# [Exercise goal]
Reproduce exactly the span of lines beginning at the one with "Johann Nothhelfer ist" and ending at the last line of the data below, omitting pictures.

# [Recorded information]

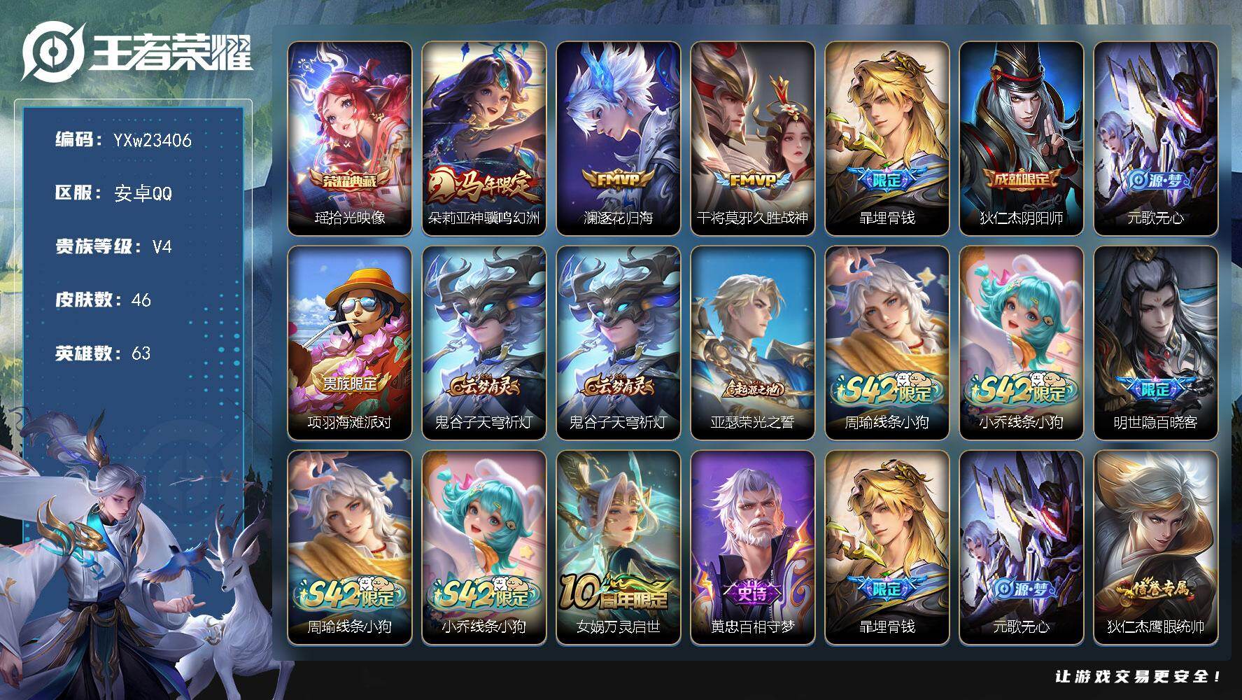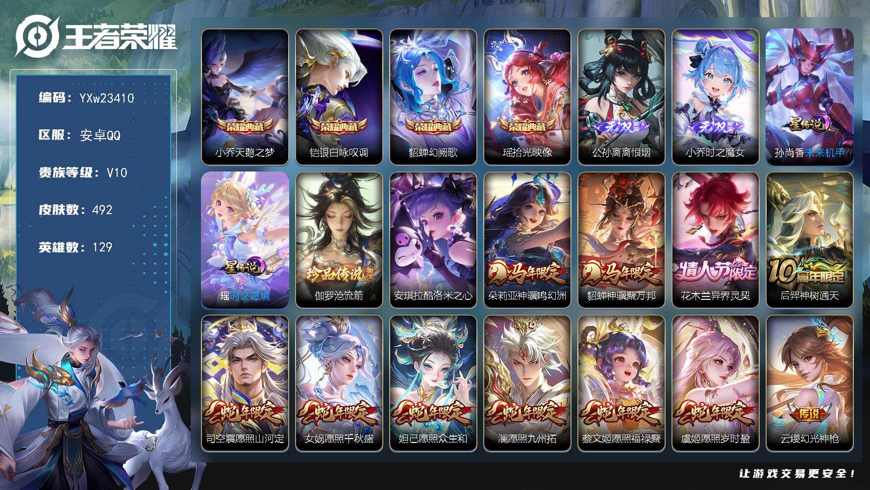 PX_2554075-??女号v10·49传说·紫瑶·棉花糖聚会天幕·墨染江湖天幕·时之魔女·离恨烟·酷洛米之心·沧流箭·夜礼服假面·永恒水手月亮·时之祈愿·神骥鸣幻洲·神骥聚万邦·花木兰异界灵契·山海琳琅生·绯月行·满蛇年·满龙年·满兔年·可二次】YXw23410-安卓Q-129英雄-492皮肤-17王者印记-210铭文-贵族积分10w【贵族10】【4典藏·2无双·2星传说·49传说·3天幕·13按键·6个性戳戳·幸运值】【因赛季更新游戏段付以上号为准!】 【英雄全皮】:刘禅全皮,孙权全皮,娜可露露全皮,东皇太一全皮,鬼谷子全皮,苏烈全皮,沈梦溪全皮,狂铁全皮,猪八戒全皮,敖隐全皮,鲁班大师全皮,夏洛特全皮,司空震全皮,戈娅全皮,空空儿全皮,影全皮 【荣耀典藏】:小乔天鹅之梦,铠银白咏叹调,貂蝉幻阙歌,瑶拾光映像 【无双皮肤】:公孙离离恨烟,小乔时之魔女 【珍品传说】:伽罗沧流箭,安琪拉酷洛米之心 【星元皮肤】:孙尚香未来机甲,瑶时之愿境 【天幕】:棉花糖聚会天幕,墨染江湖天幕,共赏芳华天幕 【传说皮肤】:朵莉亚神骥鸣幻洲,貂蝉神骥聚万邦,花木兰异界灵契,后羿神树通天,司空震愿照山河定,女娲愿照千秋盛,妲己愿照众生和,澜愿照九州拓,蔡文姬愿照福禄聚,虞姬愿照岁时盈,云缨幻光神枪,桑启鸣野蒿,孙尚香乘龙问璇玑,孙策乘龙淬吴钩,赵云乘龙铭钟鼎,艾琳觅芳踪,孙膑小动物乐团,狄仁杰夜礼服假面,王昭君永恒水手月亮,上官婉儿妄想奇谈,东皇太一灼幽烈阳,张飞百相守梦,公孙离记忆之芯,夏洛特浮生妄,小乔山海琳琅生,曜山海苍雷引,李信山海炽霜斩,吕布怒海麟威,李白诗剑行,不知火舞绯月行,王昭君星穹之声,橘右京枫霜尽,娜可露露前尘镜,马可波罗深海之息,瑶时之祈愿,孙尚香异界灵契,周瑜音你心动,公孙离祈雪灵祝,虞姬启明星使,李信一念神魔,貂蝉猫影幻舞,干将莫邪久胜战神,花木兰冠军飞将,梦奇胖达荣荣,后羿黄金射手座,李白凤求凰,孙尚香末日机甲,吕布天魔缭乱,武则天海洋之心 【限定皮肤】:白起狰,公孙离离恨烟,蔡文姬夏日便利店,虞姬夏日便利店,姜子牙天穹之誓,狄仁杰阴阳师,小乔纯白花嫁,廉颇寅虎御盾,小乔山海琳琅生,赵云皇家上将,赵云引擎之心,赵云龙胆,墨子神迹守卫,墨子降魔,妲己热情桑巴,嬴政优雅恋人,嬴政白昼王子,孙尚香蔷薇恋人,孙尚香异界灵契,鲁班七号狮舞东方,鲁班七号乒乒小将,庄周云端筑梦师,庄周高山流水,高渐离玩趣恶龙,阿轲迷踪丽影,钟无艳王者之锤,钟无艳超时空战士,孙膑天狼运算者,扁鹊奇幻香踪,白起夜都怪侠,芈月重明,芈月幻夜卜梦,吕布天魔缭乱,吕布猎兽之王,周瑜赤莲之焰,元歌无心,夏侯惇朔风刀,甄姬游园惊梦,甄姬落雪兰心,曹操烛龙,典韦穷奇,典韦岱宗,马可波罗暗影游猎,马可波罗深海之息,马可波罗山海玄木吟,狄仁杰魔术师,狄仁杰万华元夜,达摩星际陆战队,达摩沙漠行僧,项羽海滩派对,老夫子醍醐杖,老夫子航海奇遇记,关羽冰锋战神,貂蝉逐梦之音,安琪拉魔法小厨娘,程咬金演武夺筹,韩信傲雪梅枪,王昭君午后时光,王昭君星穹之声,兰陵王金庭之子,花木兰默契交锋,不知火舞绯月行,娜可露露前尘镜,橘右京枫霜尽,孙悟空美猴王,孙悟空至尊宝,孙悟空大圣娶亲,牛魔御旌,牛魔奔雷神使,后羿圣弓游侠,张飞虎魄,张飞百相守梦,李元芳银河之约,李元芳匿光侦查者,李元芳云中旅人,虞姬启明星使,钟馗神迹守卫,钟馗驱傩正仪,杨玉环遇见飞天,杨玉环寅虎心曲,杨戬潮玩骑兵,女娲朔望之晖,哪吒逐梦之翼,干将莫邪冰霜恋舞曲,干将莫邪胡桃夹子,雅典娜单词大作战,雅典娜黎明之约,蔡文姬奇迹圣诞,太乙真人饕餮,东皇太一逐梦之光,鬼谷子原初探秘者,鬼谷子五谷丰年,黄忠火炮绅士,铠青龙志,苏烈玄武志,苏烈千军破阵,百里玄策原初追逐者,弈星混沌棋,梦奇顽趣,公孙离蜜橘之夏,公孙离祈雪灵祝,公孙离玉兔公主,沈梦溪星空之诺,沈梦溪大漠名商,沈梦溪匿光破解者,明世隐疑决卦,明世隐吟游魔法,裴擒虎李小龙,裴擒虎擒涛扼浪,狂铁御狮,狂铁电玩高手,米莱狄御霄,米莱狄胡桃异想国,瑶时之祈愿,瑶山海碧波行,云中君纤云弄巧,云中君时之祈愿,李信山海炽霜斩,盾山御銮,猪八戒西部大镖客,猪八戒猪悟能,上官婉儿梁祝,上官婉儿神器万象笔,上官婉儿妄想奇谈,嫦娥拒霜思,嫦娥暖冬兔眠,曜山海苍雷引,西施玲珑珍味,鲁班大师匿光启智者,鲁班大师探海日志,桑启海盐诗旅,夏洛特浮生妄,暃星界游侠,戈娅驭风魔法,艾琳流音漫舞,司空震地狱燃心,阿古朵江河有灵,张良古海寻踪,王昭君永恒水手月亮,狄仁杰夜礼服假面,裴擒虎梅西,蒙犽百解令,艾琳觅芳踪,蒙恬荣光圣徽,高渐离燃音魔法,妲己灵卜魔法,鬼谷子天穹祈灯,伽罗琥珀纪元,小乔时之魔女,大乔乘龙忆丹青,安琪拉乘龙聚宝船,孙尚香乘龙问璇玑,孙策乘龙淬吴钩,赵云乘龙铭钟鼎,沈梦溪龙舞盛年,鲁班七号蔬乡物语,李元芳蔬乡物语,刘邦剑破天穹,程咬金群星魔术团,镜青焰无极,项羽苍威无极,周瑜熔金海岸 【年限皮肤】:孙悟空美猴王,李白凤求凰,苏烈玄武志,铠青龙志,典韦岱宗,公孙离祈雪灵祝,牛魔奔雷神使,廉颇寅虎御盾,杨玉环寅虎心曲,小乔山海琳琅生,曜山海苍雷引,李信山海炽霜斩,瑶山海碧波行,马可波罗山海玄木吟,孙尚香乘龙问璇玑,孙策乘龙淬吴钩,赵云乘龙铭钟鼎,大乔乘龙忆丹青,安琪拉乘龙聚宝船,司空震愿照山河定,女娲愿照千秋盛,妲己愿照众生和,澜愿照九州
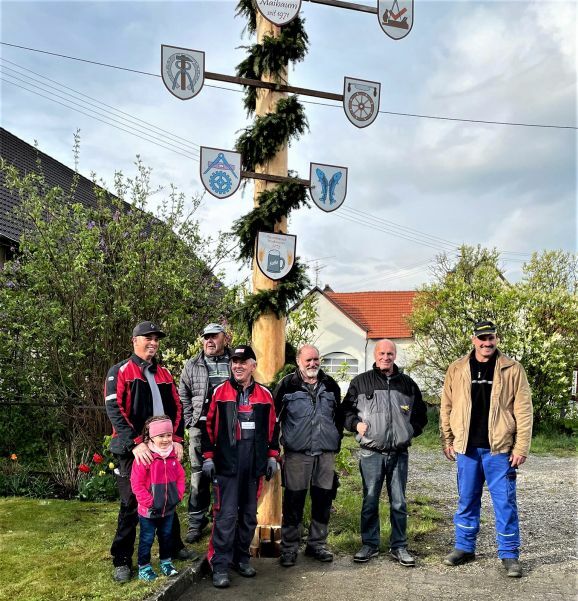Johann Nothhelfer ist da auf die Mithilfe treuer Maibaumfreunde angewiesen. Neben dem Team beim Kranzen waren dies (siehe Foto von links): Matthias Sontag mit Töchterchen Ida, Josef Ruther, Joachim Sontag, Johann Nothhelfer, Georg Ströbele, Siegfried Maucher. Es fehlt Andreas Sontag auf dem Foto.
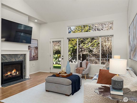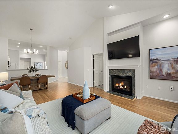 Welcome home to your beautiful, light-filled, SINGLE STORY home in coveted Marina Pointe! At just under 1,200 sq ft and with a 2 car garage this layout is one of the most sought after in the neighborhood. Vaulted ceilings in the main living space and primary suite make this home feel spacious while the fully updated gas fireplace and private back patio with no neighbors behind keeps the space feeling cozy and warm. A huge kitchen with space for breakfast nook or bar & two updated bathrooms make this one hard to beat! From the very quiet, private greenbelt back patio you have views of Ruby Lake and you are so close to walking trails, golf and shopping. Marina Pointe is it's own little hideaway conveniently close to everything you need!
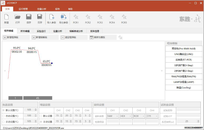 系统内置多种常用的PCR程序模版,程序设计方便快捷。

# [Solution for this problem]
Johann Nothhelfer ist da auf die Mithilfe treuer Maibaumfreunde angewiesen. Neben dem Team beim Kranzen waren dies (siehe Foto von links): Matthias Sontag mit Töchterchen Ida, Josef Ruther, Joachim Sontag, Johann Nothhelfer, Georg Ströbele, Siegfried Maucher. Es fehlt Andreas Sontag auf dem Foto.
 Welcome home to your beautiful, light-filled, SINGLE STORY home in coveted Marina Pointe! At just under 1,200 sq ft and with a 2 car garage this layout is one of the most sought after in the neighborhood. Vaulted ceilings in the main living space and primary suite make this home feel spacious while the fully updated gas fireplace and private back patio with no neighbors behind keeps the space feeling cozy and warm. A huge kitchen with space for breakfast nook or bar & two updated bathrooms make this one hard to beat! From the very quiet, private greenbelt back patio you have views of Ruby Lake and you are so close to walking trails, golf and shopping. Marina Pointe is it's own little hideaway conveniently close to everything you need!
 系统内置多种常用的PCR程序模版,程序设计方便快捷。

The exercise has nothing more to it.